[Data entries]
Content starts

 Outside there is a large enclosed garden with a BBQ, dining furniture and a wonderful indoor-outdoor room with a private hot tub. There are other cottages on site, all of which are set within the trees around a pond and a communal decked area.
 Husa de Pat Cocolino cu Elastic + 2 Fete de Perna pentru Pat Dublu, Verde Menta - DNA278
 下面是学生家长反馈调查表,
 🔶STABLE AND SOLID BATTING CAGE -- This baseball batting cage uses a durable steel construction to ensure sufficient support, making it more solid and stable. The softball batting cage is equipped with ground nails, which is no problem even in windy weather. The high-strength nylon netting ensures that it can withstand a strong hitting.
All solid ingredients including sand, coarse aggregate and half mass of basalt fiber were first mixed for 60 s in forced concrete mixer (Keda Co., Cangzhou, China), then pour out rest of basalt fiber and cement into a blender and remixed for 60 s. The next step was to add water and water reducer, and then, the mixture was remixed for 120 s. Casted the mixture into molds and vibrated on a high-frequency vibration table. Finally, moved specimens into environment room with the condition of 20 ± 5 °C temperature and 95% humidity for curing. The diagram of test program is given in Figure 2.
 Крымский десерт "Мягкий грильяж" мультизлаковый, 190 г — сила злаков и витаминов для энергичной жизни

Content ends
Content starts

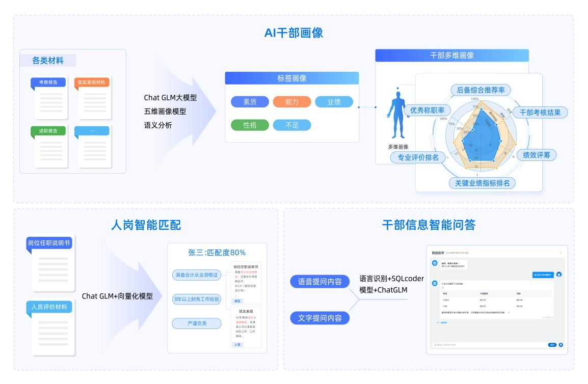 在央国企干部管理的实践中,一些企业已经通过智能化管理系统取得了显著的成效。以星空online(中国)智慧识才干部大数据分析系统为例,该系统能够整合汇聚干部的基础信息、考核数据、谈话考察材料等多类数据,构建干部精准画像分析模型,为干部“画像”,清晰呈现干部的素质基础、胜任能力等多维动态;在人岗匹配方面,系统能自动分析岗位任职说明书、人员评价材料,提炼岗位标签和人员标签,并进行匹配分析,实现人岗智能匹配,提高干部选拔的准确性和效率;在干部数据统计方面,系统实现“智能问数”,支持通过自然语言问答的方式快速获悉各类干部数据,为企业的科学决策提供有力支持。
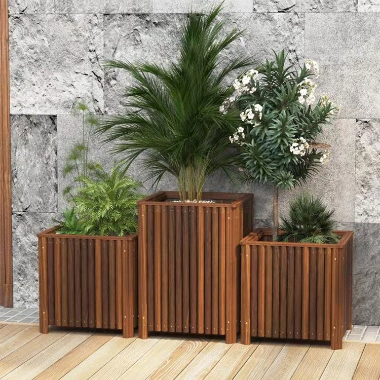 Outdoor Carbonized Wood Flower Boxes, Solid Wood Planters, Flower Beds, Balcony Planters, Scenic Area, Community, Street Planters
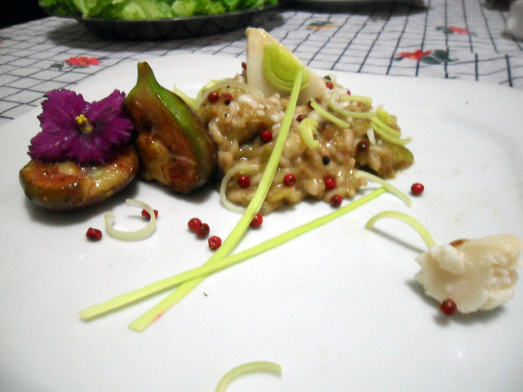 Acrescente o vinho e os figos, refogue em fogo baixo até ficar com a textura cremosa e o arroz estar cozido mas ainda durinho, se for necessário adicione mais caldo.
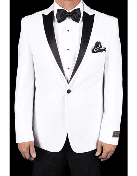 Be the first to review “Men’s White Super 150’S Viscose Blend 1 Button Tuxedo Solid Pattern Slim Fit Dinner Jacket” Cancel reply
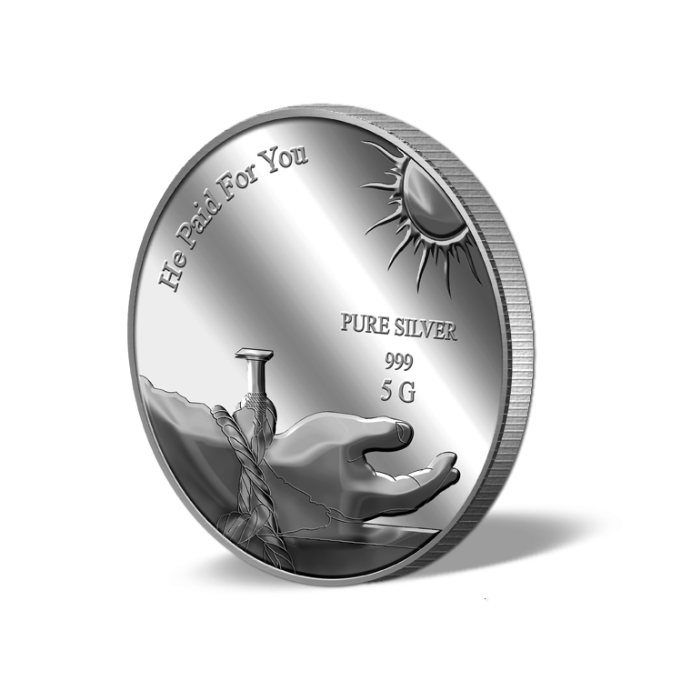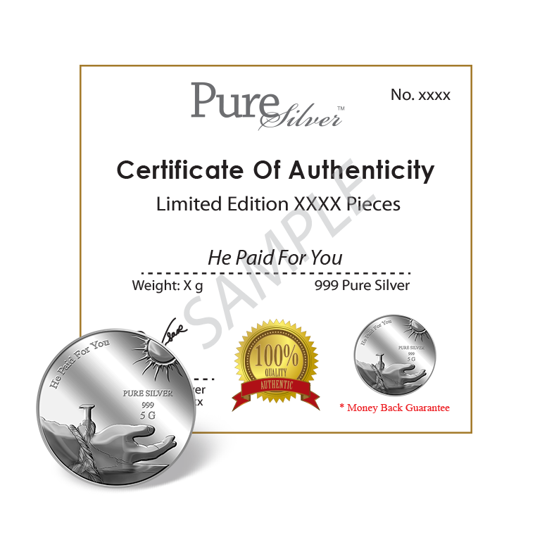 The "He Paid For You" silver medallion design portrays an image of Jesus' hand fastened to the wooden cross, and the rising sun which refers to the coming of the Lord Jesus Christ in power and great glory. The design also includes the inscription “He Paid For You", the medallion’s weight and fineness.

Content ends

Problem description. For this exercise, set down the lines in the entries above from the one with "Be the first" through the one with "weight and fineness." exactly as written, without any pictures.

Written response.
 Be the first to review “Men’s White Super 150’S Viscose Blend 1 Button Tuxedo Solid Pattern Slim Fit Dinner Jacket” Cancel reply
 The "He Paid For You" silver medallion design portrays an image of Jesus' hand fastened to the wooden cross, and the rising sun which refers to the coming of the Lord Jesus Christ in power and great glory. The design also includes the inscription “He Paid For You", the medallion’s weight and fineness.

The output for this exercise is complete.